■ **What the exercise asks**
Beginning with the line that holds "Mysterious woman stands" and ending with the last line, please repeat the entries exactly and omit the pictures.

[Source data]
^^^^^^^^
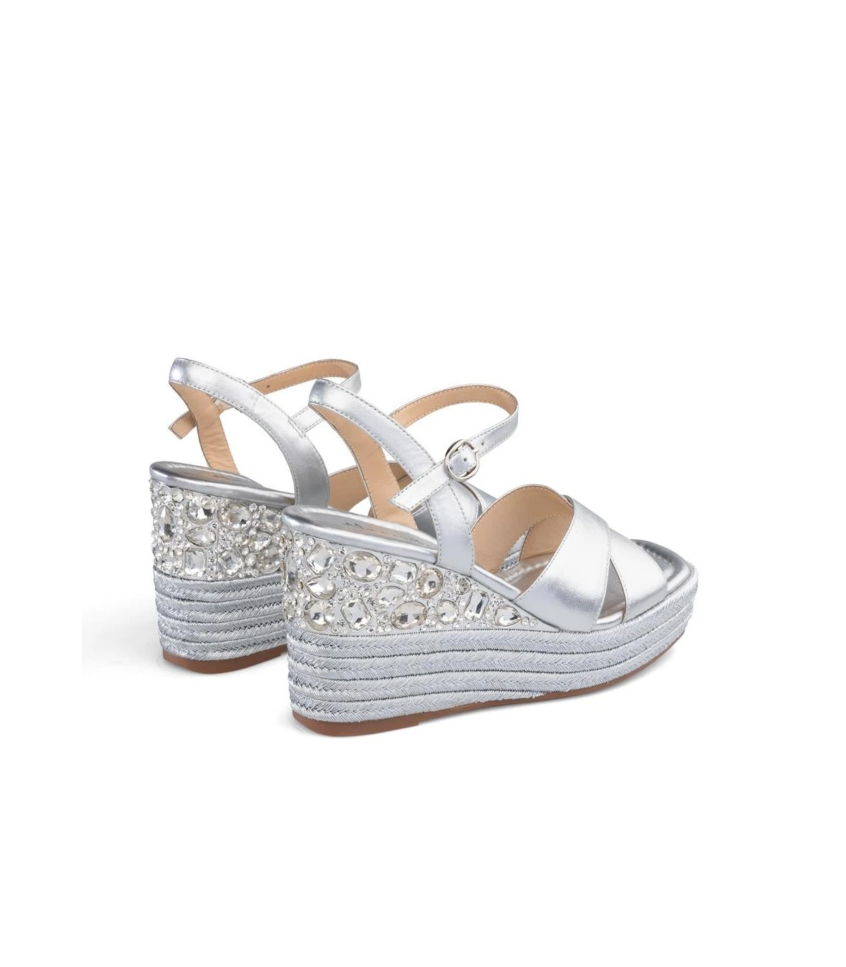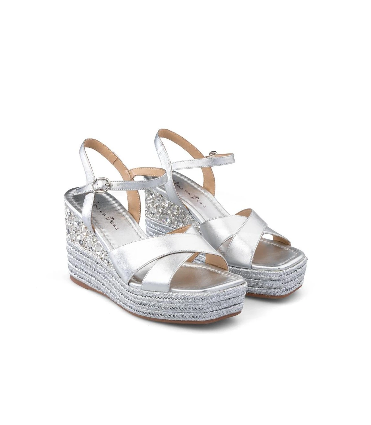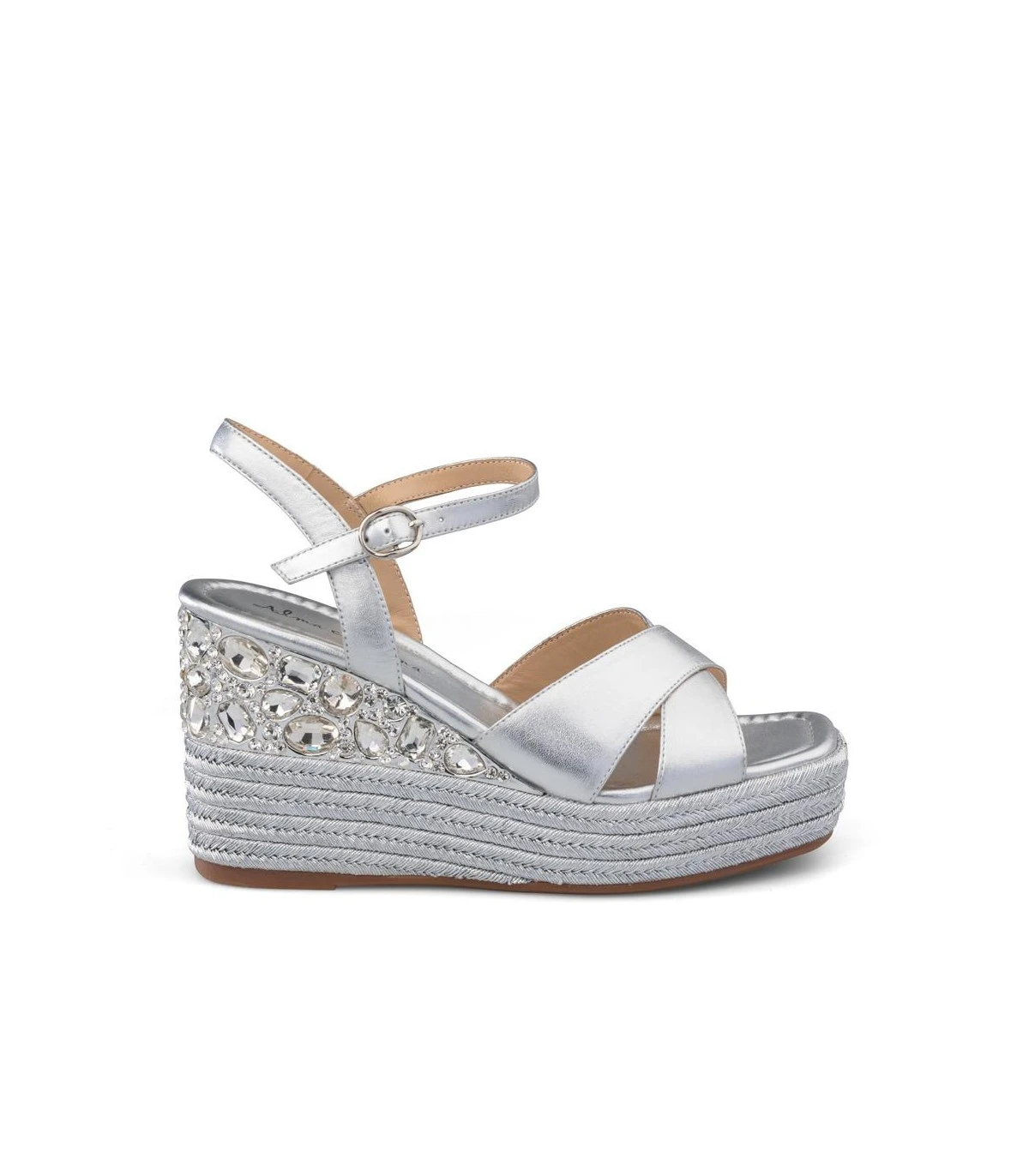 Sandalia cuña de piel con detalle trenzado y de pedrería en tacón. Punta cuadrada. Cierre con hebilla en tobillo. Altura de tacón de 9,5cm.
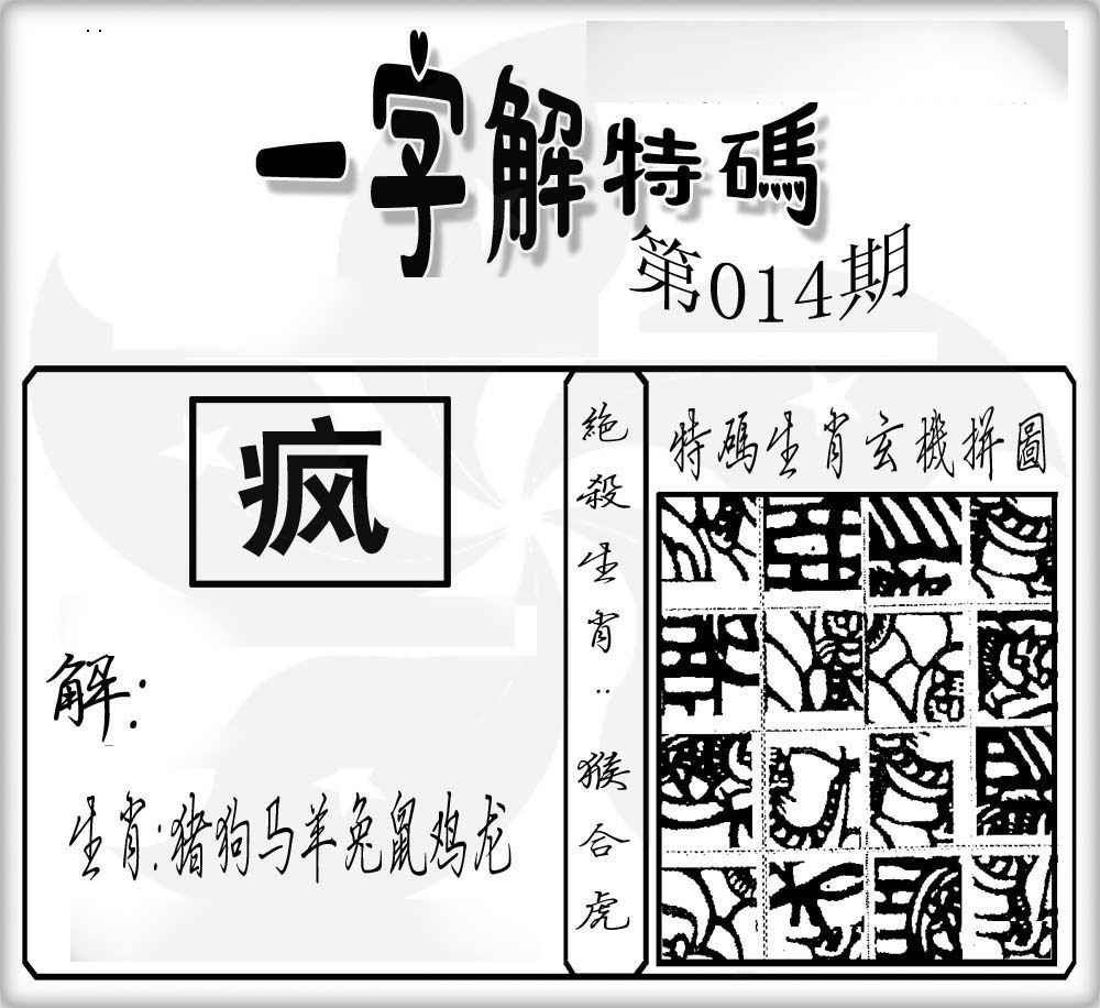 | 主题 :014期:一字解特码 |
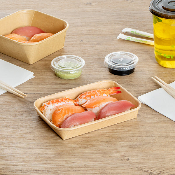 Elevate your food presentation and delivery with our Matsuri Vision 8-ounce Rectangle Kraft Paper Sushi Containers. With a greaseproof PE coating, these sushi boxes prevent sauces and oil from leaking through, ensuring a mess-free eating experience. These to go containers can be paired with their matching clear plastic lids (SKU: RWA1446C) and form a tight seal, keeping your food intact during transit. Ideal for storing food, these take out boxes are freezer-safe and let you refrigerate your leftovers. Crafted from durable paper, these takeaway boxes are perfect for serving various cold or chilled food items. These carry out containers are designed with a sturdy base and securely hold your food items in transportation. For a straightforward cleaning experience, these disposable food containers allow you to discard them after use. These paper takeaway containers are recyclable and offer an environmentally-friendly alternative to traditional plastic containers. The rustic kraft look of these to go boxes adds a charming and natural appeal, perfect for enhancing the presentation of your meals. These sushi containers measure 6.5 inches in length by 4.5 inches in width by 1 inch in height and can hold up to 8 ounces, making them ideal for single-serve portions. Sold in a 100 count box. Lids are available and sold separately.
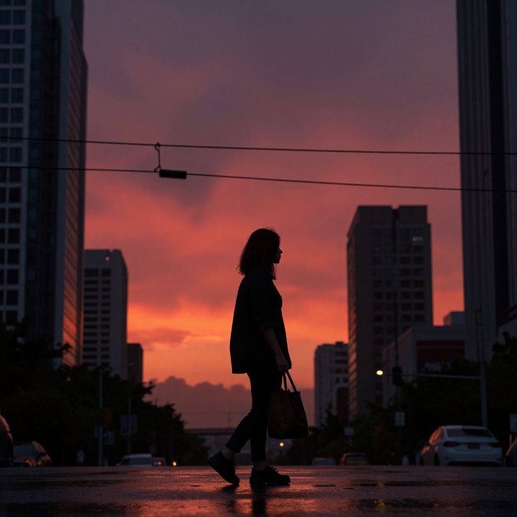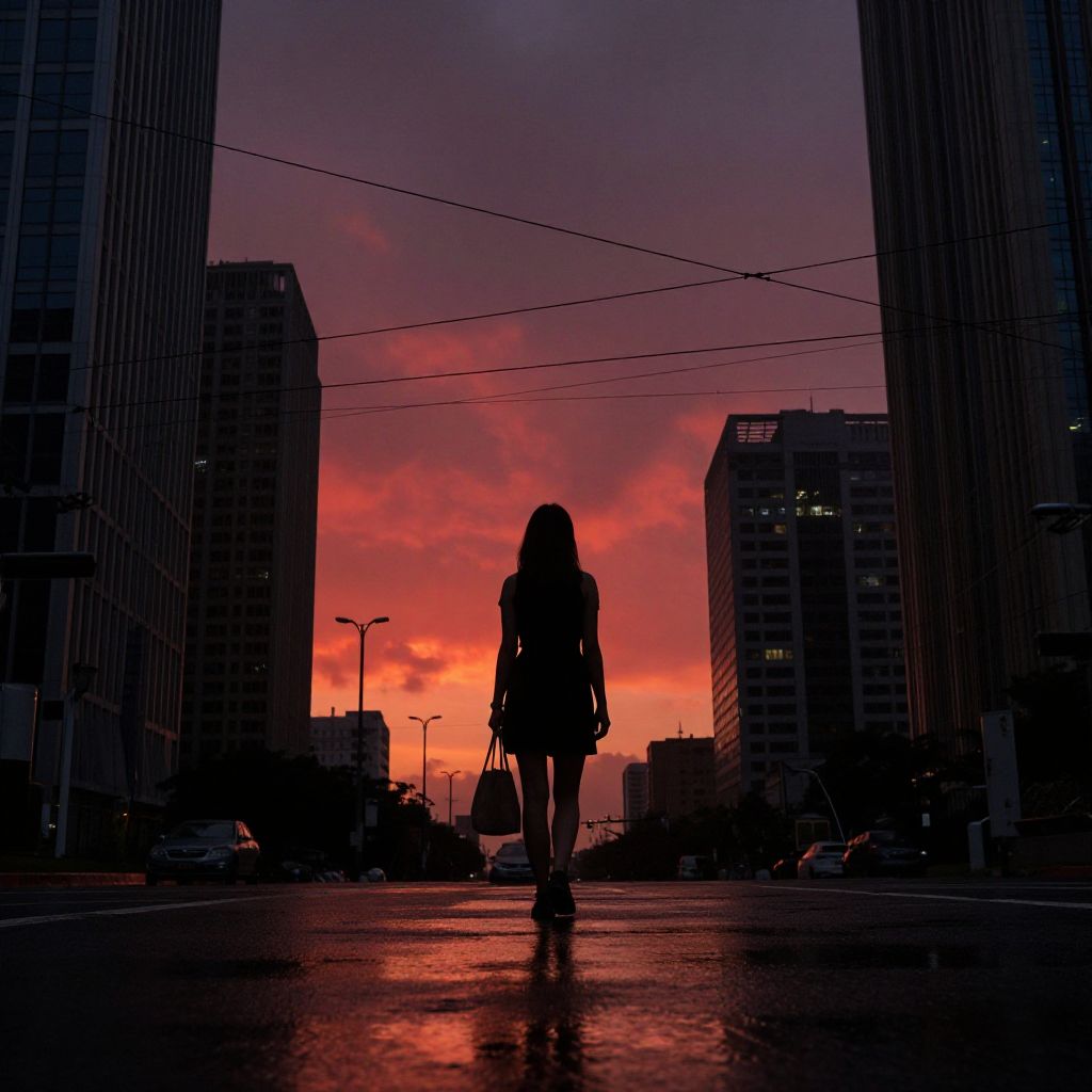 Mysterious woman stands silhouetted against a crimson sunset, clutching a bag as she walks through a rain-soaked urban landscape, framed by towering skyscrapers and electric wires under a brooding sky.
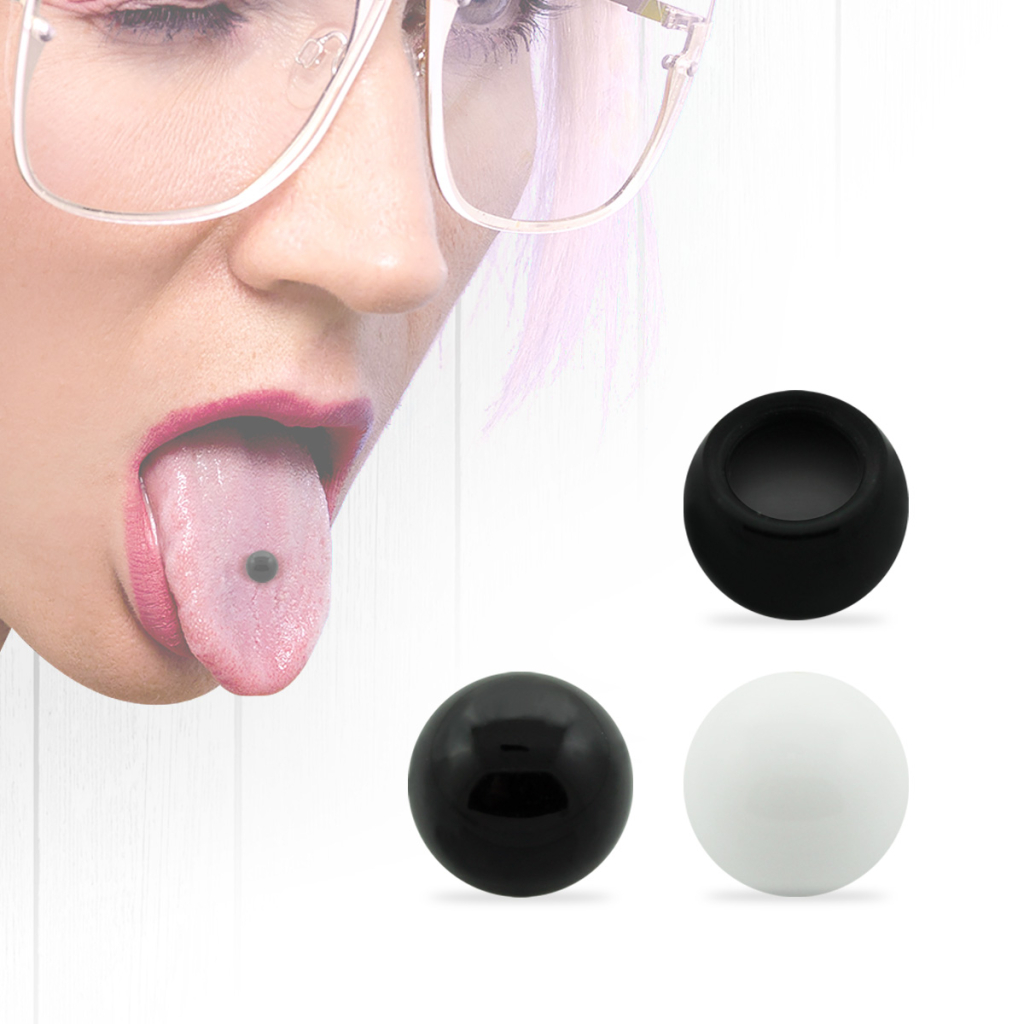 We introduce a fake tongue piercing, which means that you don't need to have a piercing in your tongue to be able to put it on. With this fake tongue piercing, you will see, and feel, what a tongue piercing feels like. It's available in two different colors: white and black. The ball is made of acrylic, but it's not a ball, but half a sphere with a hole inside. The hole allows a vacuum to be created so that the jewelry stays on your tongue and looks like a real tongue piercing.
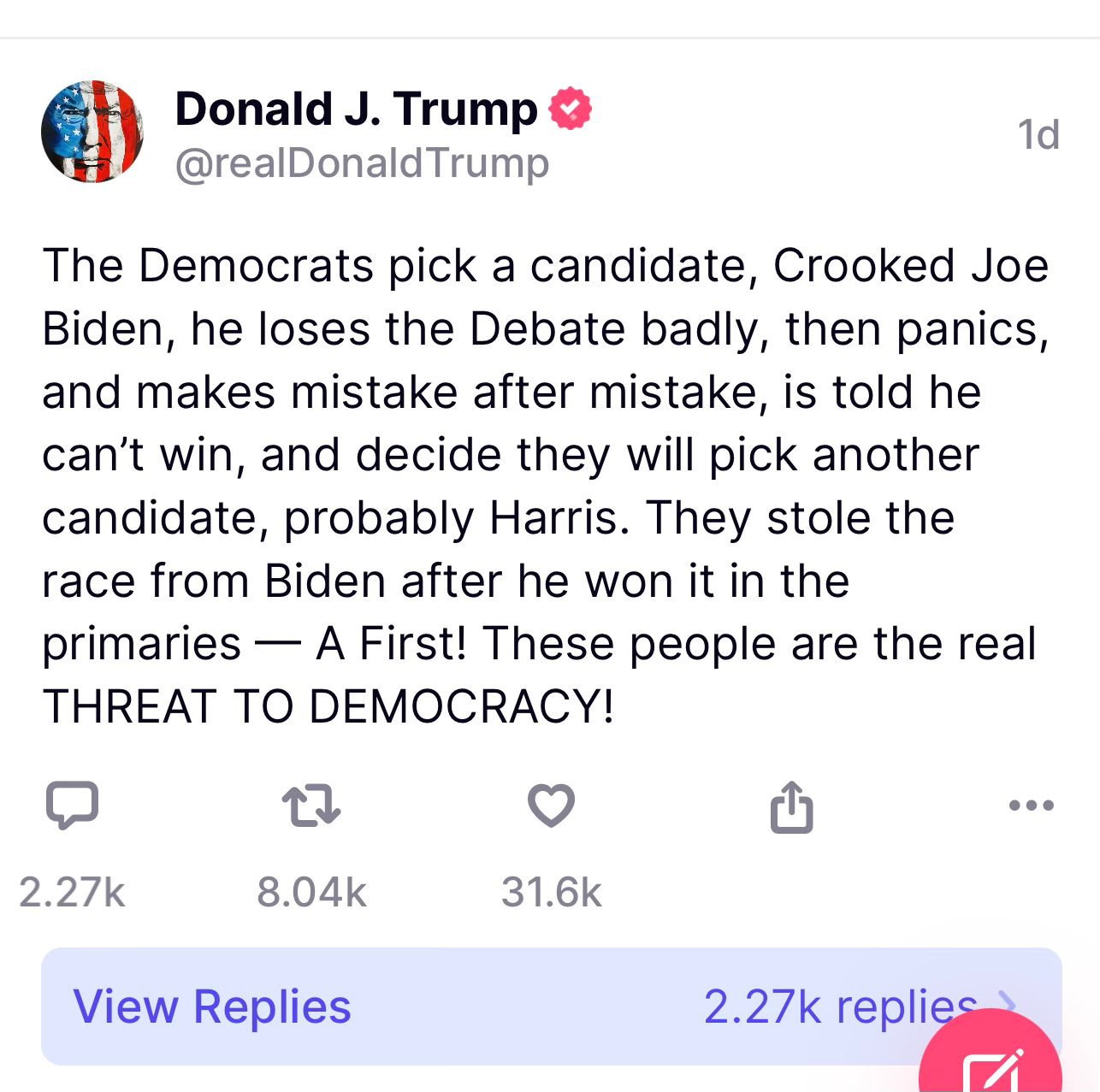 What the Democrats just did and what they will continue to do is anything but Democracy. They're projecting when they claim Trump ends Democracy. They just ended it this weekend. A candidate who has never won a primary vote is being coronated and I don't think it matters what happens in any debates. It's all theater.
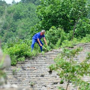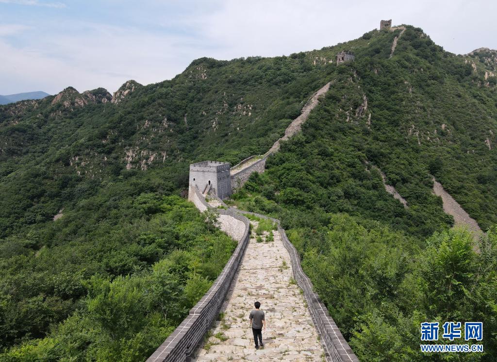 7月8日,在秦皇岛市海港区的板厂峪长城,李翠进行巡护工作(无人机照片)。新华社记者 金皓原 摄
^^^^^^^^
■ **Problem solution**
 Mysterious woman stands silhouetted against a crimson sunset, clutching a bag as she walks through a rain-soaked urban landscape, framed by towering skyscrapers and electric wires under a brooding sky.
 We introduce a fake tongue piercing, which means that you don't need to have a piercing in your tongue to be able to put it on. With this fake tongue piercing, you will see, and feel, what a tongue piercing feels like. It's available in two different colors: white and black. The ball is made of acrylic, but it's not a ball, but half a sphere with a hole inside. The hole allows a vacuum to be created so that the jewelry stays on your tongue and looks like a real tongue piercing.
 What the Democrats just did and what they will continue to do is anything but Democracy. They're projecting when they claim Trump ends Democracy. They just ended it this weekend. A candidate who has never won a primary vote is being coronated and I don't think it matters what happens in any debates. It's all theater.
 7月8日,在秦皇岛市海港区的板厂峪长城,李翠进行巡护工作(无人机照片)。新华社记者 金皓原 摄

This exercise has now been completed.